Studio album by Slightly Stoopid
- Released: August 7, 2007
- Recorded: Total Access Recording, Redondo Beach, California Wire Recording, Austin, Texas Kingsize Soundlabs, Eagle Rock, California Philadelphonic Studio, Philadelphia
- Genres: Reggae; rocksteady; dub;
- Length: 64:49
- Labels: Controlled Substance Sound Labs Powerslave Records (Japan) Stoopid Records
- Producers: Miguel, Paul Leary, Mario C., Chris DiBeneditto

Slightly Stoopid chronology
| Winter Tour '05-'06 Live CD/DVD (2006) | Chronchitis (2007) | Slightly Not Stoned Enough to Eat Breakfast Yet Stoopid (2008) |

= Chronchitis =

Chronchitis is American band Slightly Stoopid's fifth studio album, produced by Mario C, Paul Leary, Miguel and Chris DiBeneditto, released on August 7, 2007, on Stoopid Records/Controlled Substance Sound Labs. This album features artists such as G Love, Guru of Gang Starr, Angelo Moore of Fishbone, Toko Tasi and Money Mark.

The album debuted at number 55 on the U.S. Billboard 200, selling about 12,000 copies in its first week.

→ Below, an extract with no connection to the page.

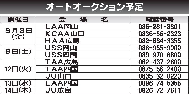〈オートオークション予定〉中四国地区 2023/9/8~14
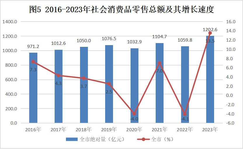 全年社會消費品零售總額1202.59億元,比上年增長13.5%。按經(jīng)營地統(tǒng)計,城鎮(zhèn)消費品零售額1070.55億元,增長13.4%;鄉(xiāng)村消費品零售額132.04億元,增長14.3%。按消費類型統(tǒng)計,商品零售額1051.88億元,增長12.8%;餐飲收入150.70億元,增長18.5%。

Chronichitis was released in Japan on June 4, 2008, on Powerslave Records with six bonus tracks.

Professional ratings
Review scores
| Source | Rating |
| AbsolutePunk.net | (68%) |
| Allmusic | Star Half star |

==Track listing==
All tracks by Slightly Stoopid except where noted

1. "Anywhere I Go" – 4:27
2. "The Otherside" (feat. Guru) – 3:12
3. "Hold on to the One" – 3:42
4. "2am" – 4:59
5. "Blood of My Blood" – 3:14
6. "Nobody Knows" – 3:48
7. "Above the Clouds" – 3:59
8. "Digital" – 3:49
9. "Round the World" – 3:22
10. "Baby I Like It" (feat. G. Love) – 4:15
11. "Ocean" – 3:19
12. "Jimi" – 3:46
13. "Breakbeat" (feat. DJ Hellnaw) – 3:56
14. "Mind on Your Music" – 2:17
15. "Ever Really Wanted" (feat. Angelo Moore) – 4:01
16. "Girl U So Fine" / "Girl U So Fine, Pt. 2" (feat. Toko Tasi) – 5:54
17. "Reward for Me" (Joe Higgs) – 2:49

===Japan Release Bonus Tracks===
- "No Cocaine (feat. Inner Circle)"
- "False Rhythms"
- "She Bangz"
- "London Dub"
- "The Fruits “Legalize Them”"
- "Ain't No Reason to Go"

==Charts==

| Chart (2007) | Peak position |
|---|---|
| US Billboard 200 | 55 |
| US Top Alternative Albums (Billboard) | 15 |
| US Digital Albums (Billboard) | 55 |
| US Independent Albums (Billboard) | 2 |
| US Indie Store Album Sales (Billboard) | 10 |

== Personnel ==

- Brad Bell – Assistant Engineer
- Jeffrey Lamont Brown – Photography
- Mario Caldato, Jr. – Producer, Engineer, Mixing
- C-Money – Trumpet, Keyboards
- Dela – Saxophone
- Chris DiBeneditto – Producer, Engineer, Mixing
- DJ Hell Naw – Turntables
- Miles Doughty – Bass, Guitar, Vocals, Group Member
- Brian Gardner – Mastering
- Lizzie Garlinghouse – Publicity
- Michael "Miguel" Happoldt – Producer, Engineer, Mixing, Tracking
- Paul Leary – Piano (Electric), Producer, Engineer, Mixing, Wurlitzer
- Kyle McDonald – Bass, Guitar, Vocals, Engineer, Group Member
- Money Mark – Synthesizer, Piano, Vibraphone
- Oscar Monsalve – Engineer
- Angelo Moore – Performer
- Ryan Moran (RyMo) – Drums, Group Member
- Oguer Ocon – Harmonica, Percussion, Group Member
- Jon Phillips – Management
- Matt Phillips – Management
- Stuart MacKay Smith – Artwork, Layout Design
- Solaar – Engineer
- Stuart Sullivan – Engineer, Mixing
- Mike Sutherland – Engineer, Assistant Engineer
- Toko Tasi – Performer

==Other==
- This was to be the first studio album released by Slightly Stoopid that did not feature any punk rock themed tracks (with exception to the Japanese release which features tracks "She Bangz" and "Ain't No Reason To Go". Both of which can be found on their later release Slightly Not Stoned Enough To Eat Breakfast Yet Stoopid in America.)